印刷など用にWordファイルでダウンロードしたい方はこちら

いのちを守る聖ヨセフ NO.1

主任司祭 ヨハネ・ボスコ 林 大樹


 教皇フランシスコは、2020年12月8日〜2021年12月8日を「ヨセフ年」とすると宣言されました。聖ヨセフについて、とくに「いのちを守る聖ヨセフ」の姿を私なりに下記にまとめました。

1.マリアの尊厳を守るヨセフ
 ユダヤ人には、結婚に先立って1年に及ぶ婚約の期間がありました(マタイ1章18節)。婚約は結婚と同様の法的重みを持つと理解されました。婚約者は、夫、妻と呼ばれました。だから、婚約した女性が姦淫の罪を犯したと断定されると、既婚者の場合と同じく石打の刑に処せられました(申命記22章23−24節)。婚約中のマリアが不義で妊娠したのであれば死罪に当たることになります。
 ヨセフが正しい人といわれるのは、律法を忠実に守る人であることを意味しています。だから、ヨセフはマリアを離縁しようと決心します。ところが、ヨセフはマリアのことを表ざたにすることを望みませんでした(マタイ1章19節)。そこに正しい人ヨセフのジレンマを見ることができます。
 夫と共に住み始める前に妊娠した女は、故意に結婚外の関係を結び、不品行の罪を犯したか(申命記22章20―24)、あるいは本人の意志に反した暴行によるので無実であるか(申命記22章25―27節)、2通りの可能性があります。故意の罪であるのか、それとも無実であるのか、ヨセフは裁判に訴えることもできました。「夫ヨセフは……ひそかに縁を切ろうと決心した」(マタイ1章19節)の「ひそかに」は、誰にも知られないでという意味ではなく、マリアの尊厳を守るため、マリアの行為を裁判などにより公式に追求しないで、離縁しようと決心したという意味です。正しい人ヨセフの正しさは真の優しさにあったのです。

2.神の望みを実行する人
 ヨセフが離縁を決めたのは、マリアが身ごもっている子どもの父親が誰であるか分からなかったからです。ヨセフ自身が父親ではありません。とすれば他の人間の誰かが父親であるとしか考えられません。そこに、天使が夢に現れて告げます。「ダビデの子ヨセフ、恐れず妻マリアを迎え入れなさい。
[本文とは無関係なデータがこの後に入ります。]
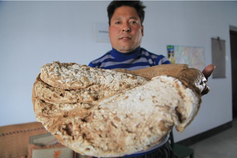 据石运佳介绍,这块“宝贝”是1996年时,他在黑龙江省尚志市亚布力滑雪场附近捡到的。“当时我到河边喝水,突然在河里看到了一个乳白色的物体,便将其捡了出来。”石先生说,刚捡到这块物体比现在要柔软得多,用一根草棍就可以戳进去。

マリアの胎の子は聖霊によって宿ったのである。マリアは男の子を産む。その子をイエスと名付けなさい。この子は自分の民を罪から救うからである」(マタイ1章20−21節)。天使はヨセフがすでに知っていることを語ったのではありません。むしろヨセフが知るべきことを語ったのです。「父親になるであろう」と告げるこの天使の言葉は、ヨセフへの受胎告知であるとともに生まれてくる子どもに定められている神の計画を伝達しています。
 ヨセフが天使の命じたとおり(=神の望みどおり)マリアを迎え入れ、胎の子にイエスと名付けたことは(マタイ1章25節)、イエスのアイデンティティにとって決定的なことでした。生まれてくる子はヨセフの子、つまり、ダビデの子孫でなければならないのです。ヨセフは子に名前を付けることで、ユダヤの法律で認められた父となりました。ヨセフがその子に与えた名前はイエスでしたが、それは「自分の民を罪から救う」という意味があります(マタイ1章21節)。こうして、神の望みを実行し、マリアの胎の子はヨセフが名付けることでダビデの子孫となり、「ダビデの子、民を罪から救う方」となるのです。